Diesel Rises 7.4¢ to $3.407 a Gallon
This story appears in the Jan. 24 print edition of Transport Topics.
U.S. retail fuel prices rose for the seventh consecutive week, as the average price of a gallon of diesel jumped by 7.4 cents a gallon to $3.407, the Department of Energy reported.
The regular gasoline average rose by 1.5 cents to $3.104 a gallon, DOE said after its Jan. 17 survey of fueling stations.
“One of the main reasons that diesel rose so much higher than gasoline was the intense cold in the East . . . which continued into January,” John Felmy, chief economist of the American Petroleum Institute, told Transport Topics.
“Not only did demand for heating oil boost all distillate prices, but diesel can also be substituted for heating oil if necessary, also in-creasing its demand and price,” Felmy said.
Tancred Lidderdale, chief economist at DOE’s Energy Information Administration, said wholesale diesel prices shot up by 13 cents a gallon during the week of Jan. 10, higher than the rise in crude, “and the change is retail prices is going to lag by a few days to a week.”
Diesel is now 53.7 cents more expensive than the comparable week of 2010, while gasoline is 36.5 cents more expensive, DOE said.
The average price last week was the highest since diesel sold for $3.482 a gallon on Oct. 20, 2008, DOE said.
Crude oil’s rise in the middle of November sparked the seven weeks of increases in retail fuel prices, Lidderdale said.
Crude went from $80.44 a barrel Nov. 17 on the New York Mercantile Exchange to $91.51 on Dec. 23, Bloomberg News reported. It has traded in a narrow range of $88 a barrel to the low $90s since then, closing at $90.86 on Jan. 19.
“When diesel prices jump like this, the No. 1 thing that we immediately do is to ask for more money — pretty well insisting upon it — on jobs that we get from brokers,” Anthony Tomase, president of GetGo Transportation Co., Millbury, Ohio, told TT. “If they won’t give us more money to take care of the hike in diesel prices, we don’t take the job because we’ll lose money. It’s as simple as that.”
Tomase said that, “For the most part, all brokers comply, except for the heavily traveled lanes such as east to west, because there is just not enough lane capacity.”
He added that GetGo also put more emphasis on increasing its freight loads from companies over brokers because companies pay increases in fuel surcharges more easily.

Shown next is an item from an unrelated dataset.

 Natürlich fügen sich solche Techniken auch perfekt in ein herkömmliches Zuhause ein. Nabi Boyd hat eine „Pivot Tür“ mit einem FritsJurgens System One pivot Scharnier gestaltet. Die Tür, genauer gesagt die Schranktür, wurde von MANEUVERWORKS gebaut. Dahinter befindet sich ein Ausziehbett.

“We’ve also gone through the whole laundry list of fuel-saving practices with our drivers again,” Tomase said. “We’ve reminded them again about cutting down on idling time, on shutting down their trucks when they’re stopped, on going only to truck stops where we get the best fuel prices.”
He said that GetGo, which operates 29 tractors and 80 trailers, also was experimenting with electric blankets instead of auxiliary power units to keep drivers warm while sleeping.

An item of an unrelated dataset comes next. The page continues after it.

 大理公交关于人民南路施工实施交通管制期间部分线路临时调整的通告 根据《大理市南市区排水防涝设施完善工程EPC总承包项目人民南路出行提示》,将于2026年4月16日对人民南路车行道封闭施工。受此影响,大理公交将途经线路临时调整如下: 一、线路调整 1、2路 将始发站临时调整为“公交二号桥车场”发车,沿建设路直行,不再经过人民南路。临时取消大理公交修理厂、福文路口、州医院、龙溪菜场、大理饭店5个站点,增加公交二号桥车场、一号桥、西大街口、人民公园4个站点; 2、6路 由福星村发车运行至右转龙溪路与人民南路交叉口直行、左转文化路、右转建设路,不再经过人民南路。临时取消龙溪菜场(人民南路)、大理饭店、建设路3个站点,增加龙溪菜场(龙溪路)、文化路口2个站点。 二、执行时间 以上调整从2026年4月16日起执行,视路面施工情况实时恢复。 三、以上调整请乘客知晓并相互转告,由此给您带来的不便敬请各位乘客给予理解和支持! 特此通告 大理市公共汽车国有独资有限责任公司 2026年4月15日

“We’ve found they’re good down to a certain temperature, but they’re not effective once it gets really cold [down toward 0 degrees Fahrenheit],” Tomase said, noting the blankets work from the main engine’s battery supply.
“APUs are exorbitantly expensive for a company like ours, something like $9,000 to install one that has only a small heater,” Tomase said.
Michael Evans, executive vice president of business development for Atlas Oil Co., said more truckers have been “looking to lock in future prices or cap future prices right now, but they get interested when the market gets very volatile.”
Atlas Oil, based in Taylor, Mich., distributes diesel and gasoline to about 400 retail fuel stations and several thousand commercial customers, including trucking companies, in 23 states and offers fuel risk-management services.
“Usually, once the market does its crazy things, it’s too late to hedge or cap,” Evans said.
He said that Atlas advises its fleet customers to take a long-term approach to fuel buying.
“You have to be hedging for the right reasons,” Evans said. “If you’re trying to beat the market, that is the wrong reason. . . . Instead, the purpose is to lock in a margin of operating costs that comes from fuel.”
Evans said his successful customers “typically don’t lock everything in, but rather 50% or 75%, and then whether diesel rises or falls, it kind of balances prices out.”